Monday, November 11, 2013

Purposeful Parenting: Develop Routines to Stimulate Your Child and You

"Bicycling" your baby's legs help fine tune his or her gross motor skills at an age where s/he can't work on them themselves.
Within a month after Bug was born, I was desperate to get into a routine. I was in a weird temporary state - Jason was fully back to work, but I was not. So any routine I set up, I knew it would be temporary. Now that I'm staying home with Bug, I've settled into a very nice routine that often includes naps with my Bug.

There are little routines you can set up that will satisfy a need for normalcy and stability and stimulate your child whether or not you're in a temporary state of life or a stable one. One routine I love, love, love is praying with and for Bug during most feedings. I keep a list of people/places/etc. that I'm actively praying for on my computer desktop {and in a pinch, I can remember most of the people/places/etc. on this list if I am not near my computer}, and first, I pray for all of those people. Then, I pray for our family: Jason, me, Bug. Then, I pray for Bug's future husband. I also take time to thank God for the work He's doing in our lives. I love this routine because it's already introducing Bug to God and prayer. I pray out loud and right near her ear in a quiet voice so she can hear me.

Another routine we developed that we all love is working on Bug's gross motor skills after most diaper changes. First, we start with "biking" - bicycling her legs for her. Jason also does running, walking, hop skipping - you name it. If you haven't caught on yet, he loves doing these with Bug. Then, we move onto "swimming" - the front crawl, doggie paddle, back stroke, butterfly. Jason also throws in a little YMCA. Bug really enjoys these exercises and gets a big 'ol smile on her face when we do them. We did these exercises for the first six or so months of her life.

For a bedtime routine, it's a bit difficult to set one up when they're not getting a bath every night. In general, babies should not be bathed every day. We started with bathing Bug twice a week, and when she was about 3 months old, we upped it to three times a week. On bath nights, we bathe her, feed her, read her a story and lay her in bed next to me until she's asleep. We did this for about the first six months of her life. On non-bath nights, we feed her, read her a story, lay her in bed next to me... and feed her again as necessary. A bath really helps get her ready for bed - she loves, loves, loves baths. It's so soothing, calming and fun for her. I'd bathe her every day if I could, but she's just not there yet in terms of her skin being ready and all that.

After Bug was about six months old, we developed a new routine. Each day at dinner, Bug gets to sit in her high chair and participate in dinner. She enjoys noodles, green beans and steak best. After dinner, she goes on her potty. Then, if it's a bath night, it's bath time. After bath, it's straight to bed. If she's not quite tired yet, we play in her room together until she tells me it's time {she'll give me cues, she can't actually speak yet}.

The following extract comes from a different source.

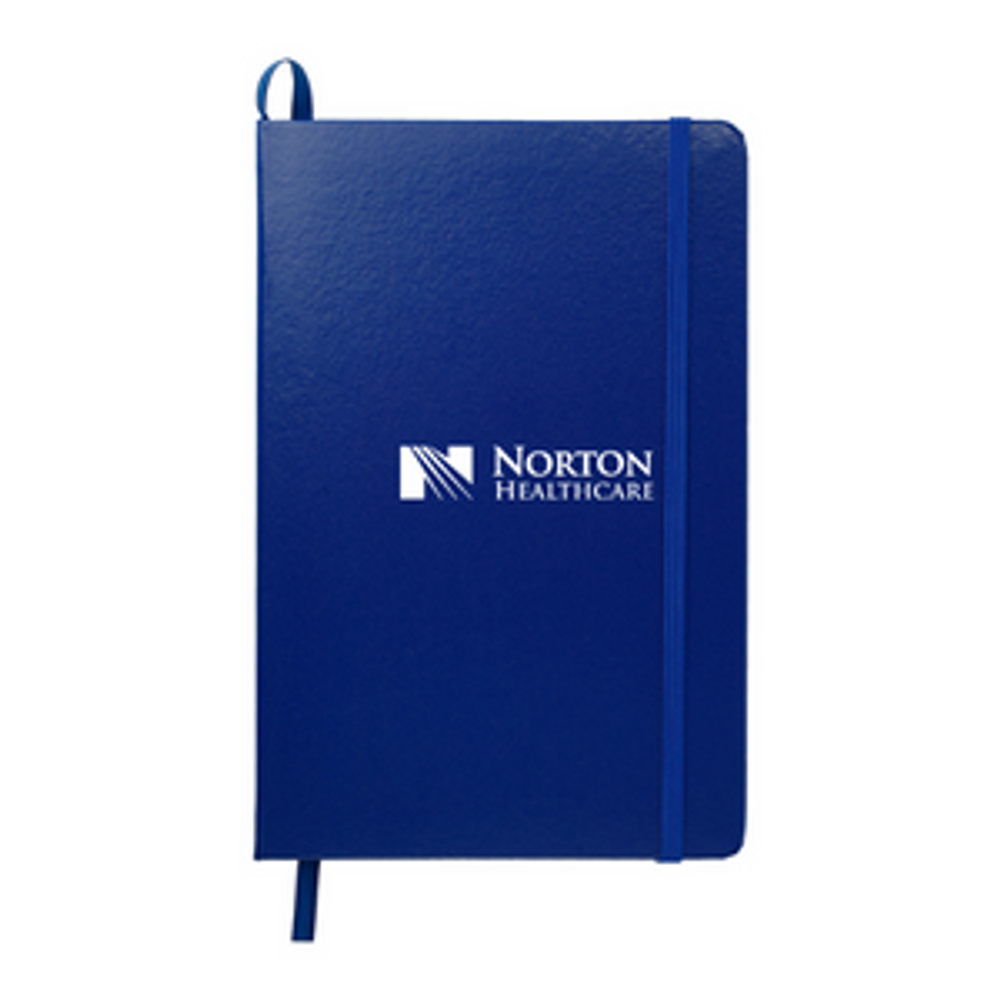 The 5.5" x 8.5" Ambassador Bound JournalBook is a hard cover bound journal with 80 sheets of cream lined paper. The JournalBook features built-in elastic closure, ribbon page marker, and expandable accordion pocket.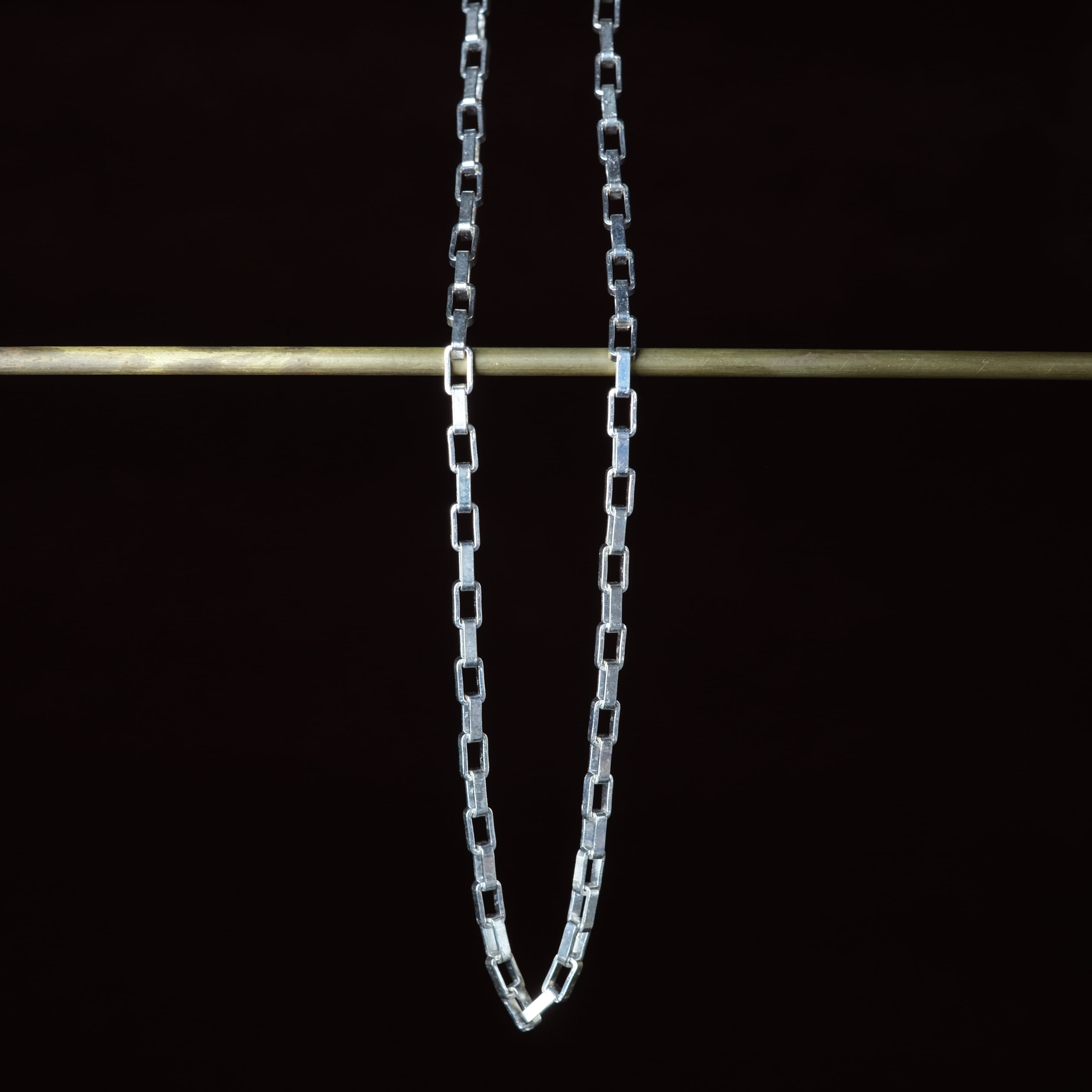 シンプルなスクエアチェーンが連なった、シルバー製ネックレスになります。

We don't have a daily routine, although Bug has been working on getting on a sleep schedule. At around 3 months, she sleot from about 9 PM to 9:30 AM every day {waking for feedings and some active time, but very little}. She slept from about 11 to 1, then was very active from 1 to 5 PM. She took a short nap around 5, often waking by 6:30. Then, she was up time until bedtime.

Bug is about eight months old now and her routine has really solidified. She wakes up anywhere from 7:30 to 8:30 in the morning and takes a nap around 11 or 12:30. She falls asleep every night between 6:30 and 8. It just depends on what we did that day as to what time she goes to sleep. A busier day means an earlier bed time. Just yesterday, we had a very non-busy day. She fell asleep shortly before 7. She has fallen asleep by 6:45 before (and even once right at 6).

Routines are so crucial to a little one. Littles need something they can depend on - something more than you. They need to know what's happening when. It calms their minds and bodies. It doesn't mean you can't have spontaneous fun. Certainly, not every day is the same around here. We might go grocery shopping for several hours one day. When that happens, we just work with Bug. We encourage her to sleep if it will be during a nap time. We might bring a book, a stuffed animal, whatever we think will help her stick to her own routine. And if she's really not feeling her routine, that's okay. We'll fly by the seat of our pants!

A life with littles is one that will be crazy, no matter what you do. I think that's generally part of the fun. But developing routines where you can will save your sanity and help your child grow into a healthy, responsible individual.